# DATASET EXCERPT
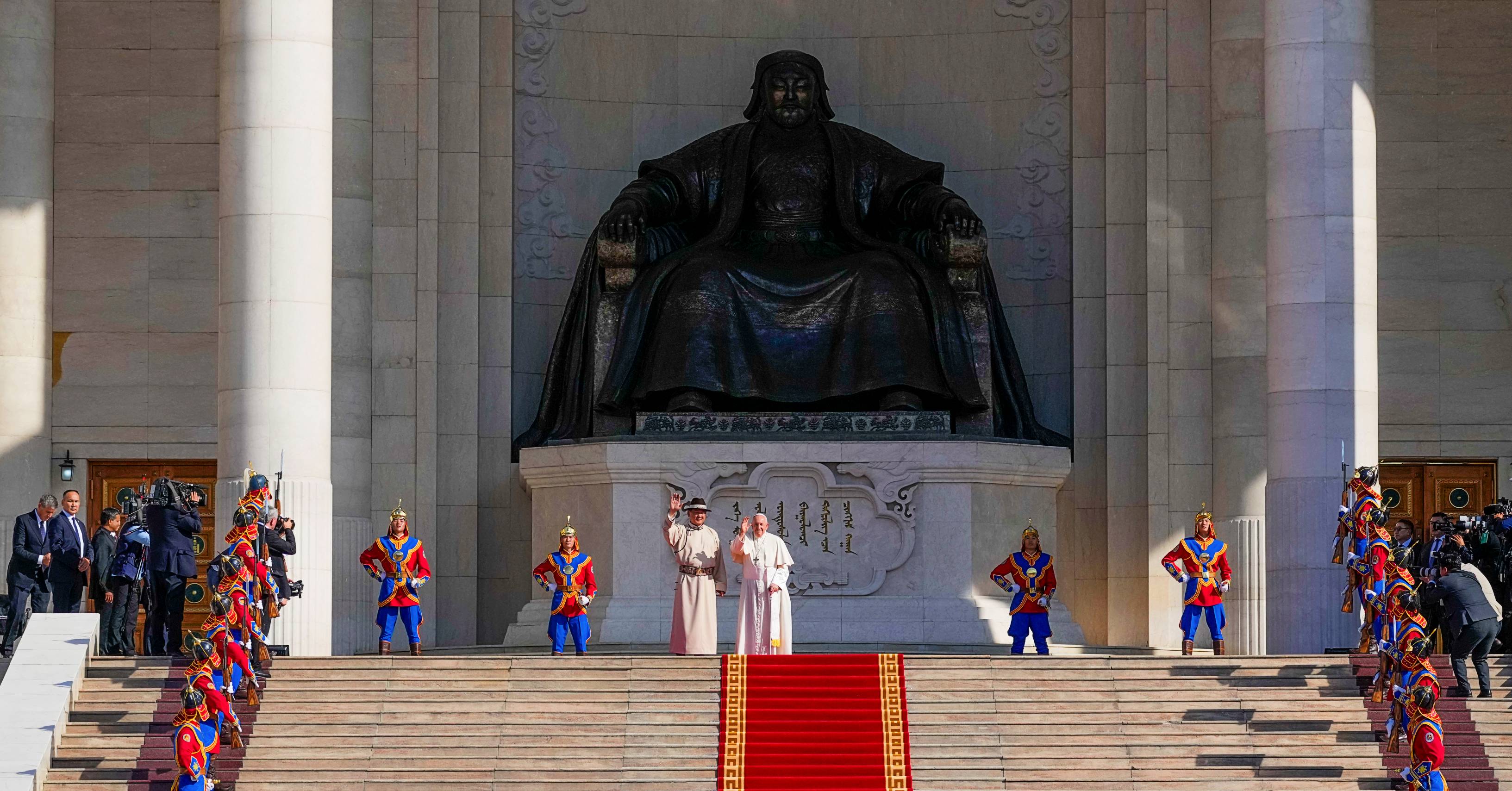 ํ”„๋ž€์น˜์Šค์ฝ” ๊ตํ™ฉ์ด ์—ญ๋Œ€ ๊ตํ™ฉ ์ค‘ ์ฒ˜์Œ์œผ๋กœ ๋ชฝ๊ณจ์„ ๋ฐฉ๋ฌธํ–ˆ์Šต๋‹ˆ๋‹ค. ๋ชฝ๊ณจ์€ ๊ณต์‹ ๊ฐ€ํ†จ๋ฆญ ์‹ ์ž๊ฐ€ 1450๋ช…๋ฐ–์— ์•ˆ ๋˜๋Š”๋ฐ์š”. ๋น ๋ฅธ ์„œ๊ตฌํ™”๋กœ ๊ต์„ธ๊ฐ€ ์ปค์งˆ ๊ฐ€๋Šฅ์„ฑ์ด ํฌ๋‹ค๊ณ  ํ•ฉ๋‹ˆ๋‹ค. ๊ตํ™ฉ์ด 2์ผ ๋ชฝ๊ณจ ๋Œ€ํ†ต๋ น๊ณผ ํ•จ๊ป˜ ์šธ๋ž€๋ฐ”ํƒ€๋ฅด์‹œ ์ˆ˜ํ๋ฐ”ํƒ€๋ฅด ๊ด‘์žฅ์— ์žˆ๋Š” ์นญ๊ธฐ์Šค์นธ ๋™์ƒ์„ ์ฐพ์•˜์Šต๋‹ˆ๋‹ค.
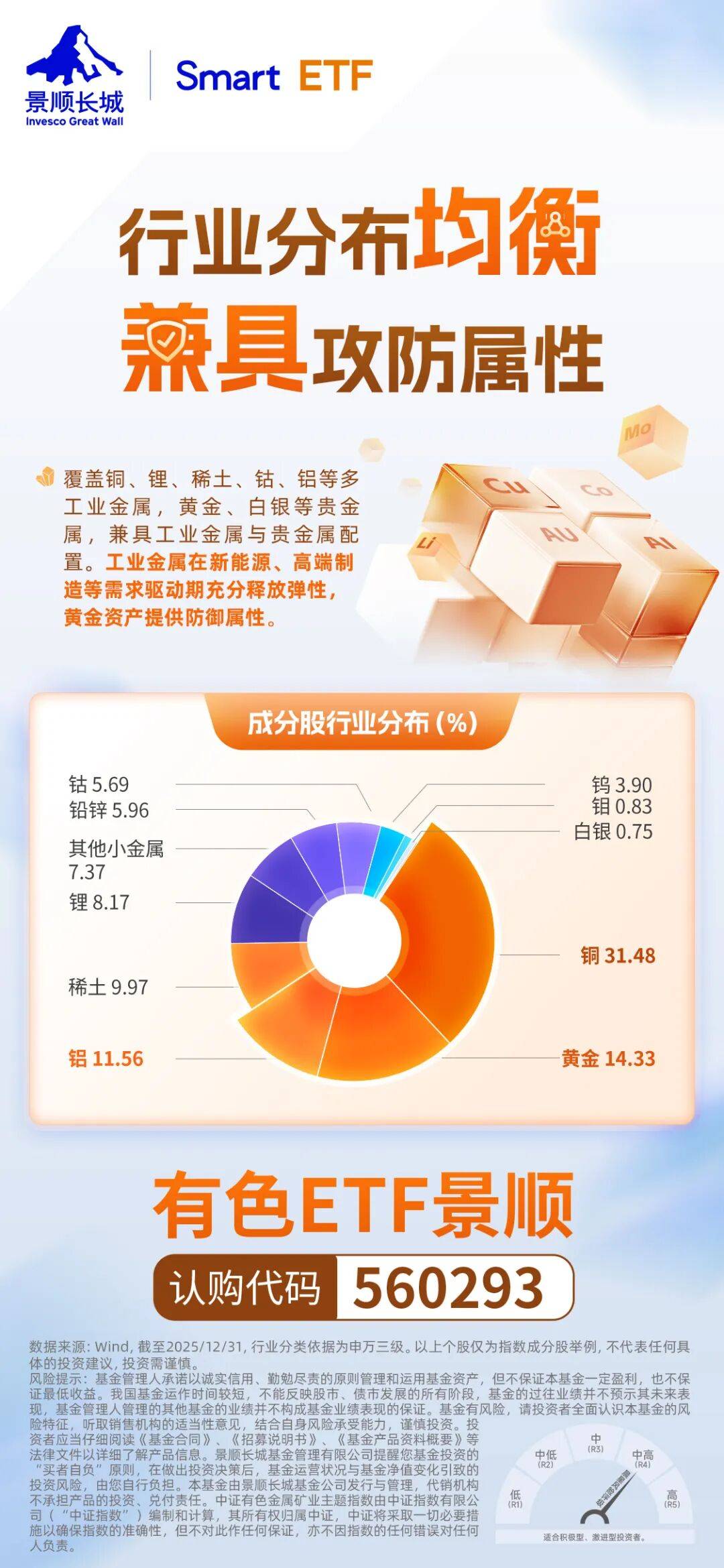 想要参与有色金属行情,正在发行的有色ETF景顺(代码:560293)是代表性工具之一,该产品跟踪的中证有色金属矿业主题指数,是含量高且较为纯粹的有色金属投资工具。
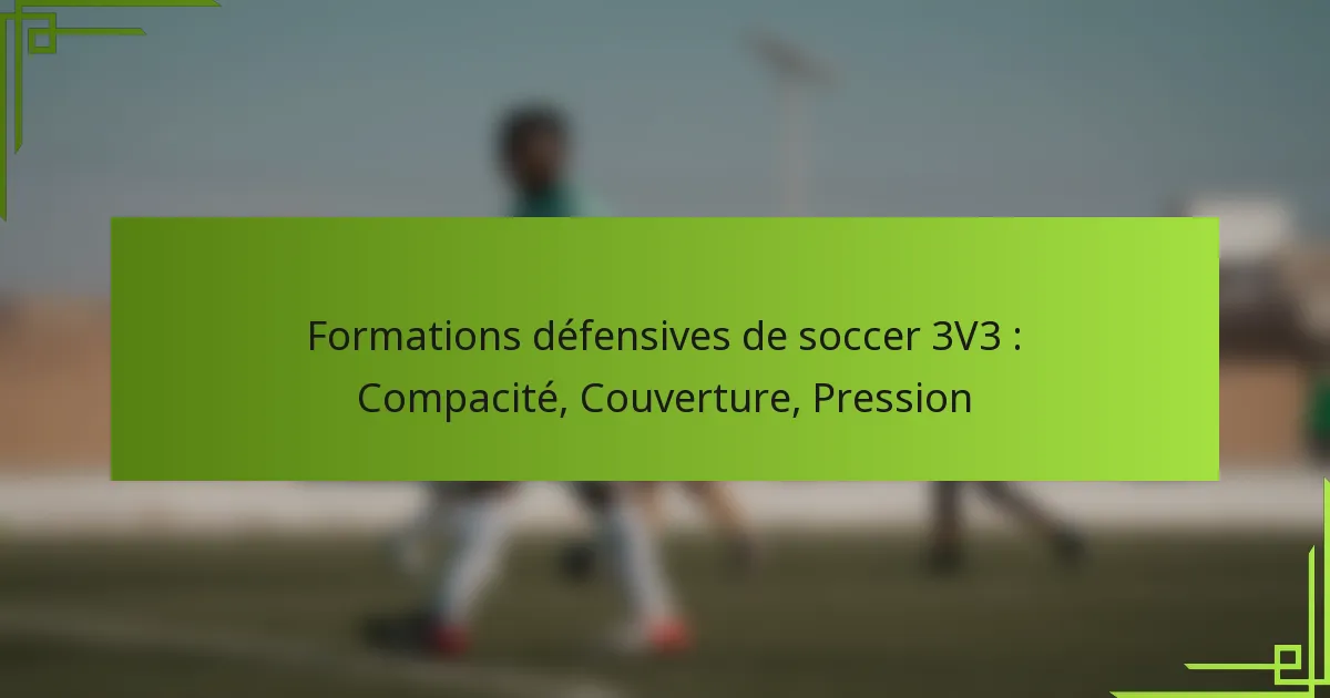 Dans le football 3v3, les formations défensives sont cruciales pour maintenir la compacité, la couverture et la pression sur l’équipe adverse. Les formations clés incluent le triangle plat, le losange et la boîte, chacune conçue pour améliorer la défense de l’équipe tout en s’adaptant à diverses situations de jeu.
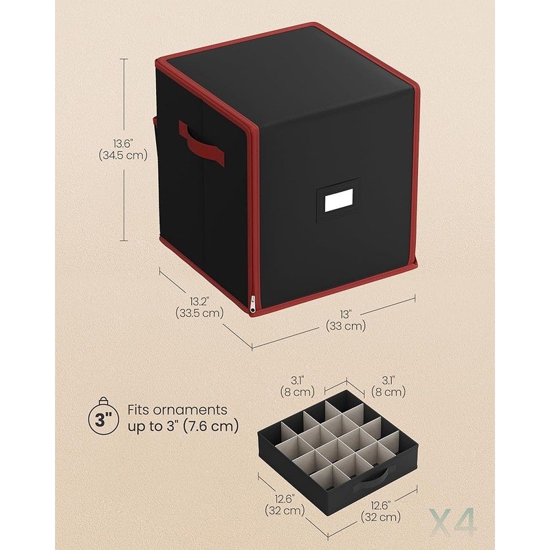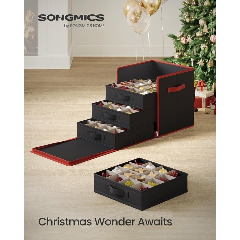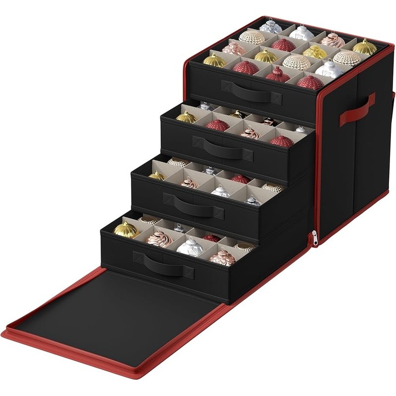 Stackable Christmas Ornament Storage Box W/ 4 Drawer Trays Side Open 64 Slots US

# WORK REQUIRED
Repeat verbatim the lines between the start of the data and the line containing "想要参与有色金属行情,正在发", both ends included, omitting all pictures.

# SOLVED PROBLEM
 ํ”„๋ž€์น˜์Šค์ฝ” ๊ตํ™ฉ์ด ์—ญ๋Œ€ ๊ตํ™ฉ ์ค‘ ์ฒ˜์Œ์œผ๋กœ ๋ชฝ๊ณจ์„ ๋ฐฉ๋ฌธํ–ˆ์Šต๋‹ˆ๋‹ค. ๋ชฝ๊ณจ์€ ๊ณต์‹ ๊ฐ€ํ†จ๋ฆญ ์‹ ์ž๊ฐ€ 1450๋ช…๋ฐ–์— ์•ˆ ๋˜๋Š”๋ฐ์š”. ๋น ๋ฅธ ์„œ๊ตฌํ™”๋กœ ๊ต์„ธ๊ฐ€ ์ปค์งˆ ๊ฐ€๋Šฅ์„ฑ์ด ํฌ๋‹ค๊ณ  ํ•ฉ๋‹ˆ๋‹ค. ๊ตํ™ฉ์ด 2์ผ ๋ชฝ๊ณจ ๋Œ€ํ†ต๋ น๊ณผ ํ•จ๊ป˜ ์šธ๋ž€๋ฐ”ํƒ€๋ฅด์‹œ ์ˆ˜ํ๋ฐ”ํƒ€๋ฅด ๊ด‘์žฅ์— ์žˆ๋Š” ์นญ๊ธฐ์Šค์นธ ๋™์ƒ์„ ์ฐพ์•˜์Šต๋‹ˆ๋‹ค.
 想要参与有色金属行情,正在发行的有色ETF景顺(代码:560293)是代表性工具之一,该产品跟踪的中证有色金属矿业主题指数,是含量高且较为纯粹的有色金属投资工具。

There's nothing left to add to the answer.